Polygeist
Polygeist copied to clipboard
Add support for splitting if's with barriers in parallel ops without interchanging them
This pr adds two new ways to handle ifs with barriers in parallel regions.
This is the current way it is done:
parallel {
A()
if {
B()
barrier
C()
}
D()
}
->
parallel {
A()
}
if {
parallel {
B()
}
parallel {
C()
}
}
parallel {
D()
}
The first one allows ifs with directly nested barriers to be split at the barrier without the need to split them off with barriers and interchange them with the parallel op as such:
parallel {
A()
if {
B()
barrier
C()
}
D()
}
->
parallel {
A()
if {
B()
}
}
parallel {
if {
C()
}
D()
}
This should hopefully improve performance since it keeps A, B and C,D in the same parallel region.
The second one joins the appropriate blocks for the two cases where the if condition evaluates to true or false
parallel {
A()
if {
B()
barrier
C()
}
D()
}
->
if {
parallel {
A()
B()
}
parallel {
C()
D()
}
} else {
parallel {
A()
D()
}
}
This allows us to get rid of the branch in the parallel at the cost of increased code size. This second way actually makes the code size explode exponentially wrt the number of barriers so it might only have limited use with the help of some heuristics (not yet implemented) to decide when to use it.
Can this not alternatively become the following, avoiding code duplication?
parallel {
A()
if {
B()
}
}
parallel {
if {
C()
}
D()
}
One can choose between
parallel {
A()
if {
B()
}
}
parallel {
if {
C()
}
D()
}
and
if {
parallel {
A()
B()
}
parallel {
C()
D()
}
} else {
parallel {
A()
D()
}
}
by specifying --cpuify="distribute.ifsplit"

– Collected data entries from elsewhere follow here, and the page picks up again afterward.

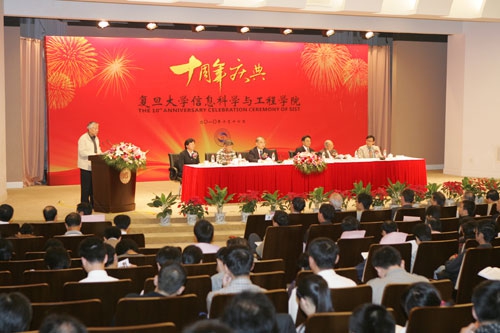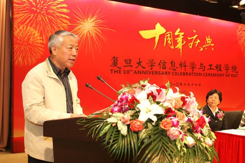 校党委书记秦绍德在庆典仪式上发表重要讲话。他对信息学院的未来发展提出四点期望:既能站在国际学术的前沿,又能主动承担国家战略部署,进一步优化学科布局和结构;进一步加强师资队伍建设,坚定不移地引进国际一流的领军人才,有计划地对内部人员进行战略安排,培养自己的人才;进一步提高培养人才质量,坚持人才培养的根基不动摇,坚持培养素质全面的创新人才不动摇;根据自己多学科的优势,进行学科交叉,大力发展工科与文科、理科和医科的交叉研究,进一步加快国际化步伐。
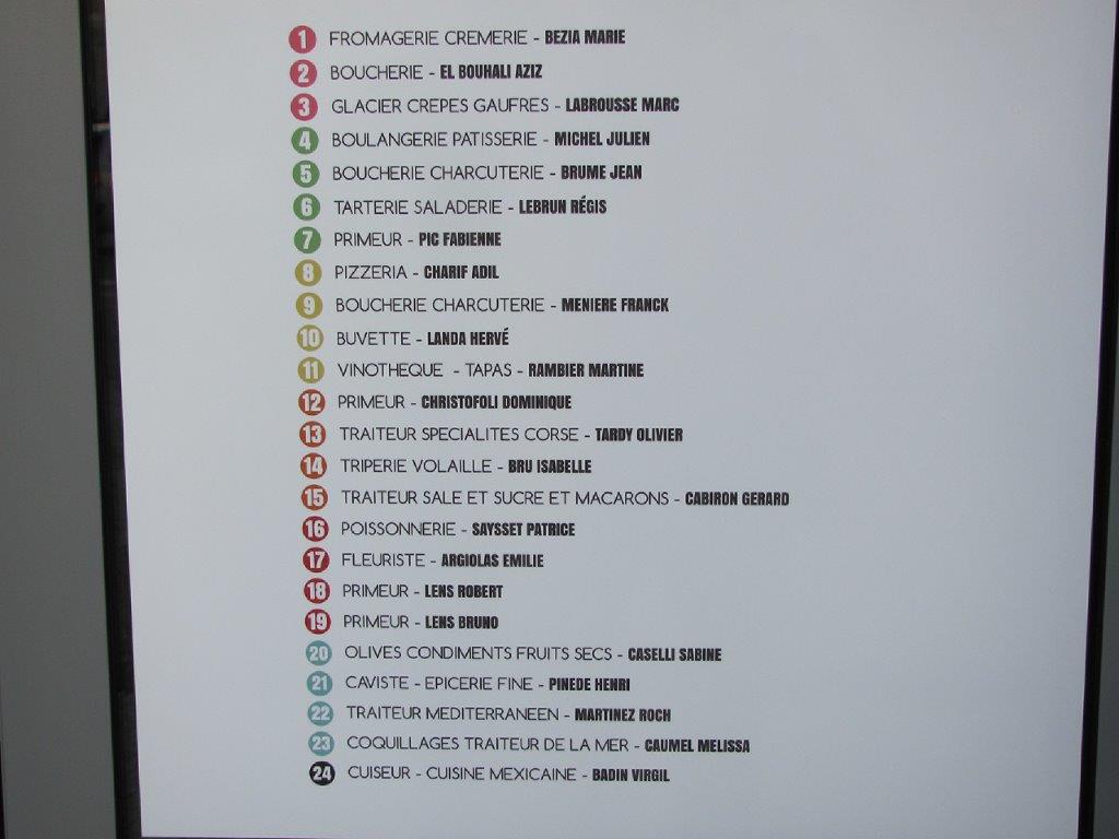 Liste des 24 étaliers des nouvelles halles Laissac consultable aux six entrées du marché couvert. Photo prise le samedi 1er décembre 2018. Copyright : Edouard Paris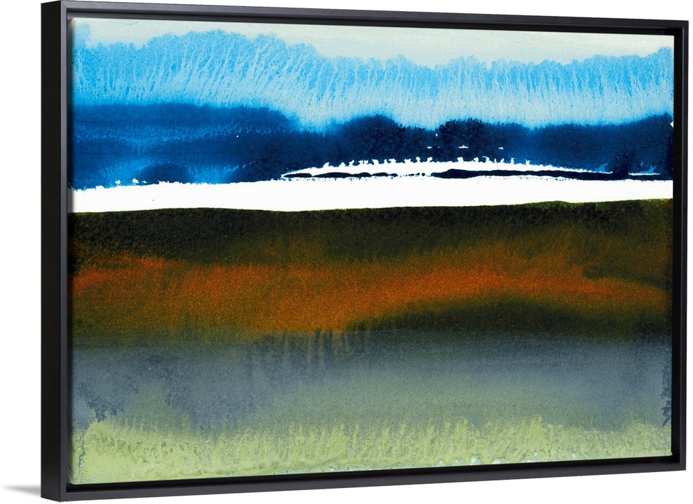 <p>Abstract watercolor landscape featuring layered bands of blue sky, white horizon, dark earth, warm orange field, and cool green foreground, evoking a serene, atmospheric vista.</p>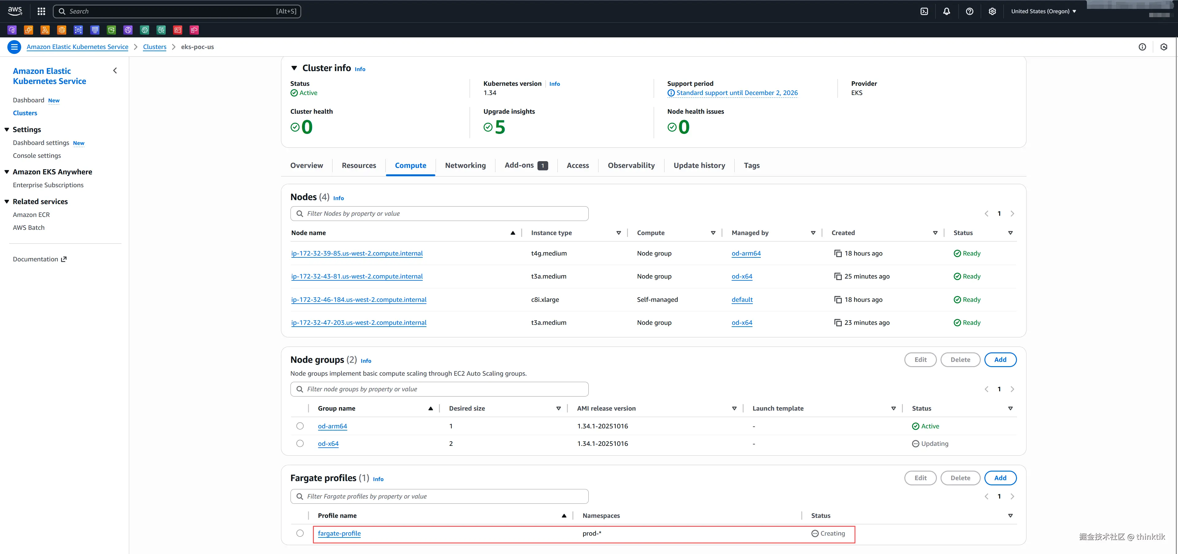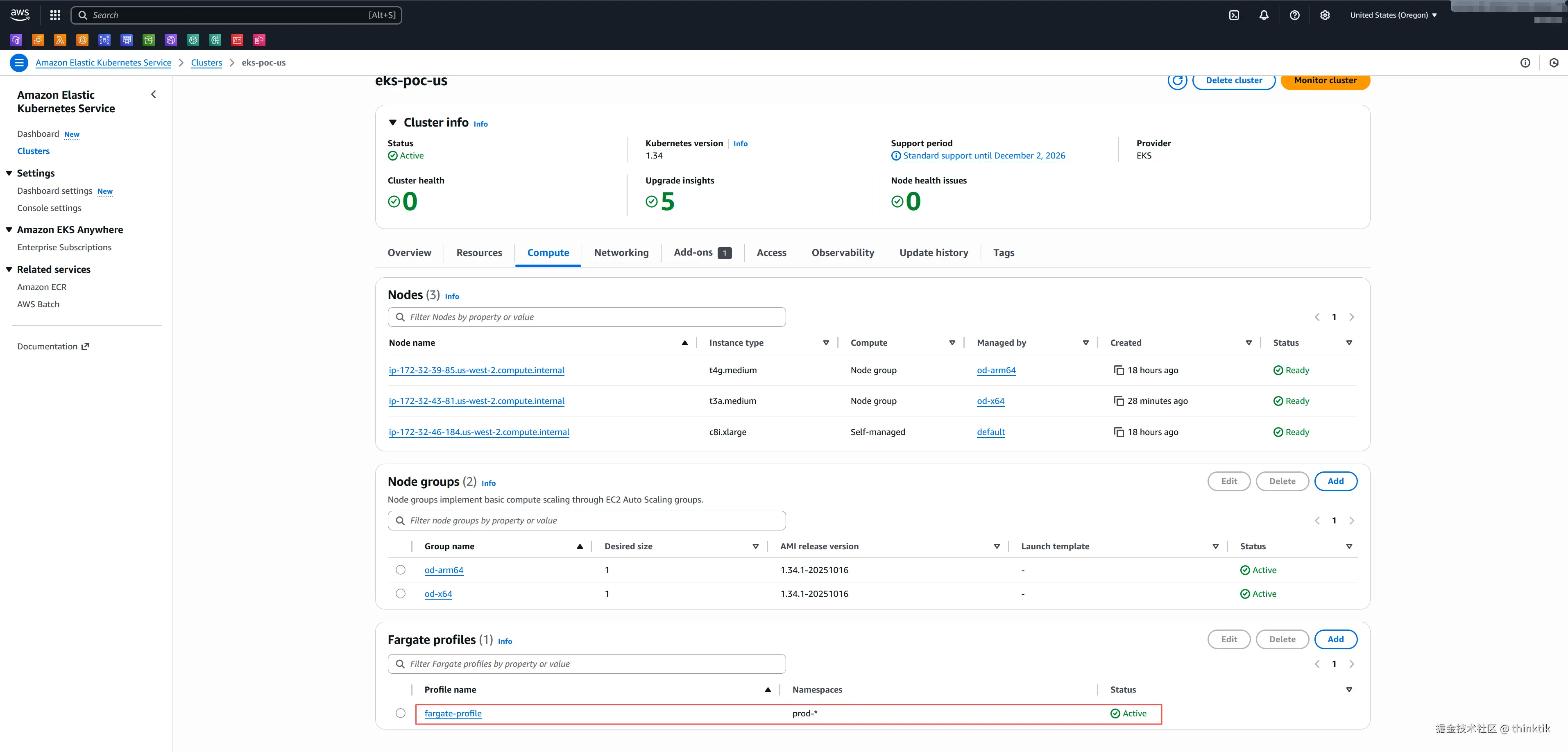 例如下面我设置的pod选择器规则为prod-*,如果pod部署在以prod-开头的namespace中,并且标签选择器为infrastructure=fargate时,那么pod就优先运行在fargate上,而不是默认的EC2上。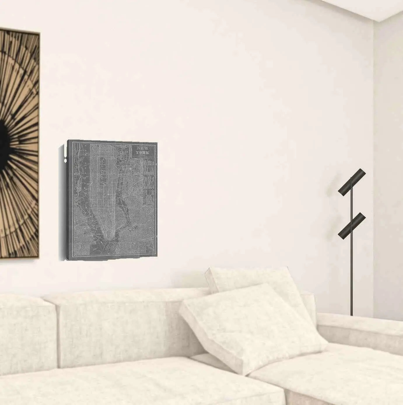 Unique and decorative, this 24 inches x 16 inches gray and white aerial new york map canvas wall art will leave a lasting impression. This print is a visual artistic expression that allows you to decorate your space in style. Reproduced for you on canvas, this hanging decorative accent will be a trendy and fashionable way to dress your walls. Adding this hanging wall art to your space to make your room feel more finished and attractive. Instantly liven up your space with this art that brings color and dimension to your walls. 24 inches H x 18 inches W x 1.25 inches D

or --cpuify="distribute.ifhoist"
respectively
(the default is still the original old way)
Both of the new ways result in close to no overall performance difference on all of rodinia combined, with individual benchmark speedups seemingly ranging from -7% to +4% and -2% to +2% respectively compared to the current transformation. (some of it could be attributed to randomness)